Monday, August 29, 2011

Alberta Land Sales a Precursor for Strong Performance Coming (Calgary Herald)


Fiscal appetizer points to a strong entrée




The money speaks. Alberta’s astounding pace of oil and gas land sales continued last week with a near-record $464.1 million ring of the provincial cash register. The incoming dollars continue to validate the competitive potential of Canada’s unconventional resources, even under recently weaker North American oil prices.
Land sales are merely a fiscal appetizer. An entrée of oilfield dollars is what follows next.

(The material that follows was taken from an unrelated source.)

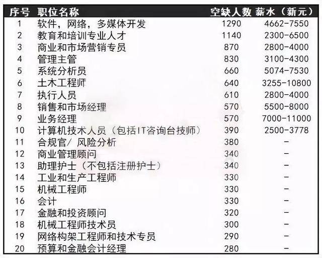 1新加坡什么职位最缺人?!

Robust capital expenditures will be served this winter, and well into 2012, which reaffirms that drilling and service activity will be hearty. So lack of monetary nourishment won’t be an issue for the next year or two at least. However, what’s on every corporate leader’s mind is how to develop their newly procured lands effectively and economically. In the midst of this oil Klondike, the recurring themes will be accessing skilled labour and keeping an eye on costs.

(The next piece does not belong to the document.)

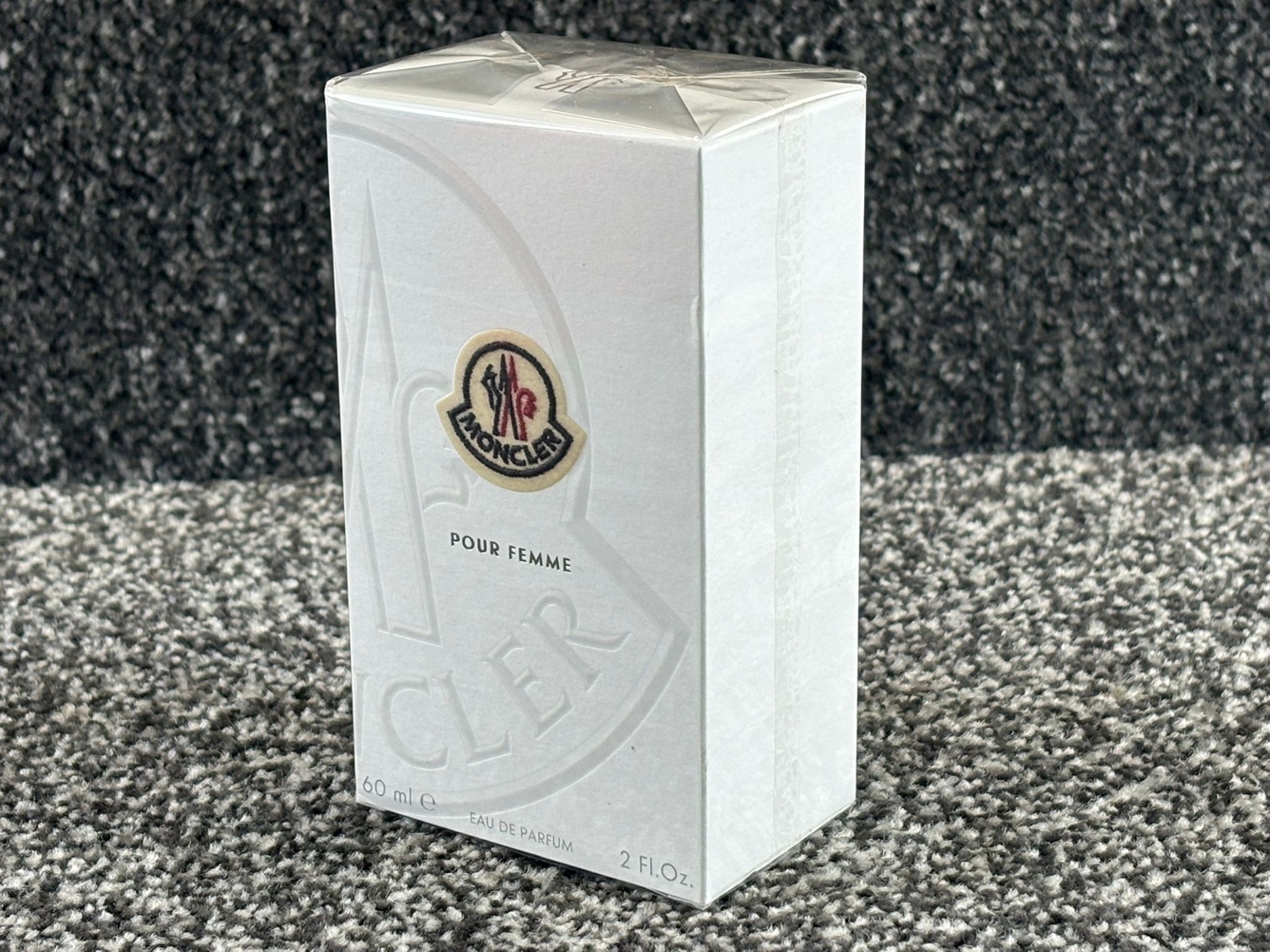 A 60ml bottle of Moncler Pour Homme Eau de Parfum, presented in

Figure 1 shows cumulative land sale tracks for the past seven years, not including oil sands.  We thought 2005 was astonishing, when a record $1.8 billion was paid for the right to drill for oil and gas on Alberta lands.  Note that the context was quite different back then: the industry was still chasing mostly tired, risky, conventional plays with vertical wells. At that time, rapidly rising oil and natural gas prices were more than offsetting inflating costs and the increasing risks associated with geological and technological maturity. So, six years ago the main driver was rising commodity prices.